NatWest (LON:NWG) has been able to flex its financial muscles once more, outpacing expectations and maintaining its guidance for the year.
After a particularly strong start to the corresponding period last year, it is unsurprising that the headline numbers are lighter this time around. Even so, both of the key measures are ahead of forecasts. Total income of £3.47 billion was down by 10% but ahead of the expected £3.43 billion, while a pre-tax profit decline of 27% to £1.33 billion beat estimates of £1.26 billion.
Income has been affected on a number of fronts, such as lending margin pressure and lower deposit balances as customers search for higher rates of return after years in the doldrums. Nonetheless, the situation appears to be stabilising and the group has pointed to the fact that both net lending and customer deposits rose in the quarter. Of course, it remains to be seen whether this trend becomes established.
The increase in loans also gives a nod to potential customer defaults, with a further provision of £93 million, although the number remains significantly lower than some of its peers. It may also reflect the generally lower risk loan book which the bank runs and NatWest has itself stated that levels of default are low and stable. previously describing its own “intelligent approach to risk” as including a proactive attitude for those customers who may be approaching some level of financial strain, such that the new provision is a prudent move in the circumstances.
In relative terms, there were also other pockets of positive surprises. Net Interest Income of £2.65 billion, while 8.6% lower, was ahead of the guided £2.56 billion and the Net Interest Margin of 2.05% was ahead of both consensus as well as the previous quarter’s 1.99% number. A Return on Tangible Equity of 14.2% fell from 19.8%, but nonetheless was ahead of the ROTE figures which have been reported by competitors so far this season.
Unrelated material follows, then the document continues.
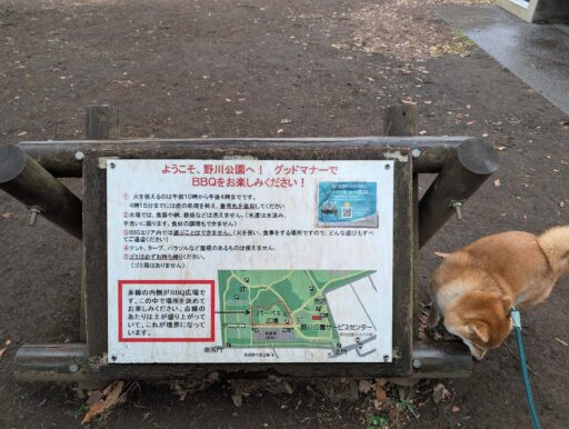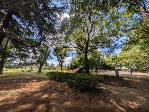 この公園、東八道路を挟んだ北側には野川が流れるエリアがあって、いくつかある歩道橋(スロープ)や地下道で渡ることもできる。川沿いの道はまた雰囲気が違って気持ち良い。今回は写真を撮ってないので次の機会に。運動量の多いワンコだったら、野川沿いに武蔵野公園まで歩いても良いかもしれない。

Given the backdrop, the balance sheet remains in rude health. A capital cushion, or CET1 ratio of 13.5% is comfortably ahead of the bank’s own target, while a cost/income ratio of 58.4% suggest an ongoing focus on efficiency. Indeed, the increasing migration of customers to digital platforms and the subsequent reduction in branch footprint are clearly playing into reducing costs, with the bank previously reporting that 9.8 million customers were now using its mobile app and that 94% of its customers’ needs are now being met digitally, as compared to 53% in 2019. In addition, while there was no updates on potential share buybacks at this stage as expected, a dividend yield of 5.9% is relatively punch compared to the rest of the sector.
The Commercial & Institutional unit, which accounted for 58% of the operating profit played a strong hand in the quarter, with growth coming from “multiple sectors” including an increase in lending and strong capital markets, and a ROTE of 14.6%. This led to operating profit of £769 million for the quarter, compared to £725 million in the final quarter of last year, while a mild reduction to customer deposits did little to blight the overall performance.
There had perhaps been an expectation that there would be an update on the potential retail offer for the government’s remaining stake in NatWest, which now stands at around 30%. Instead, the group stated that it was pleased with the recent momentum in reduction of the stake, edging towards the “shared ambition” of returning NatWest to private ownership. Even so, there is much for investors to appreciate in a generally strong set of numbers, which has received a warm welcome in opening exchanges. The share price bounce adds to a net increase of 8% over the last year, as compared to a gain of 2.9% for the wider FTSE100, and is further evidence of the momentum which has propelled the price by 40% in the last six months alone. NatWest has again delivered an outcome which should mean that it retains its spot as the preferred play on the sector, with a market consensus which comes in at a strong buy.